Von Irmengard Gnau und Christina Hertel, Ismaning

Grüne Arbeitshandschuhe hat Sy Abdallah schon angezogen, aber er hält keine Schaufel in den Händen, sondern einen Regenschirm. "Wann können wir anfangen?", fragt der Senegalese. Er muss sich noch gedulden. Die Felder sind zu nass, um auf ihnen zu arbeiten. Abdallah ist einer der Flüchtlinge, denen auf einem Acker in Ismaning Parzellen zur Verfügung gestellt werden. Dort können sie bis zum nächsten Winter Salate, Kohl, Kräuter und Kartoffeln anbauen.
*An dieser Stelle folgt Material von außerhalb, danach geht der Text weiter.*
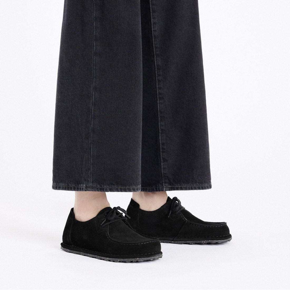 BIRKENSTOCK Utti is the lace-up shoe with timeless style and exceptional comfort. Made of soft black suede, it offers a removable Deep Blue anatomical footbed, microfiber insole and natural rubber sole with cork inserts. The decorative stitching and heel tab combine practicality and refined design.
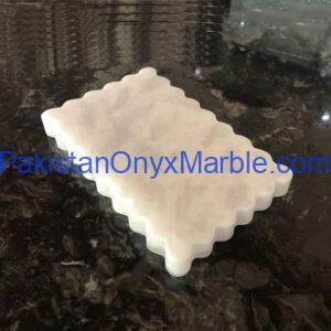 Pakistan Onyx Marble manufactures premium Afghan Snow White Onyx Scalloped Rectangle Trays, hand-carved from Grade-A white onyx sourced directly from Afghanistan. Each tray is cut from a single solid block and features a rectangular profile with elegant scalloped edges, creating a refined sculptural look. The clean white color, polished finish, and decorative wavy border make this tray ideal for luxury home décor, kitchen serving, vanity organization, and boutique retail displays.
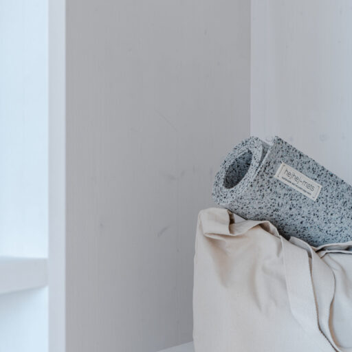 • die Wellness-Tasche steht bereits fertig gepackt in den Wohnungen: mit Bademantel und Saunahandtuch, Yogamatte und -Gurt von hejhej. Der Umwelt zuliebe wird auf Badeschlappen verzichtet

Ein wenig Boden - und schon kann es losgehen

Die Idee für das Projekt stammt von Curzio Bosi. Der Düsseldorfer hatte schon länger vor, sich sozial mehr zu engagieren. Dann stieß er auf die "Ackerhelden", ein Essener Start-up-Unternehmen, das Städtern mit Gartentrieb Feldparzellen für den eigenen Gemüseanbau vermietet. Bosis Idee war geboren: Flüchtlingen Boden zur Verfügung stellen, damit sie dort selbst ihr Essen anbauen können.

Das war im Frühjahr. Nun, wenige Monate später startet das Gartenprojekt mit insgesamt etwa 400 Parzellen an zehn Standorten in ganz Deutschland. 60 davon liegen auf einem Acker in Ismaning, es ist der einzige bayerische Standort im Projekt. Eine Parzelle ist etwa 40 Quadratmeter groß, zwei bis drei Flüchtlinge sollen sich diese teilen.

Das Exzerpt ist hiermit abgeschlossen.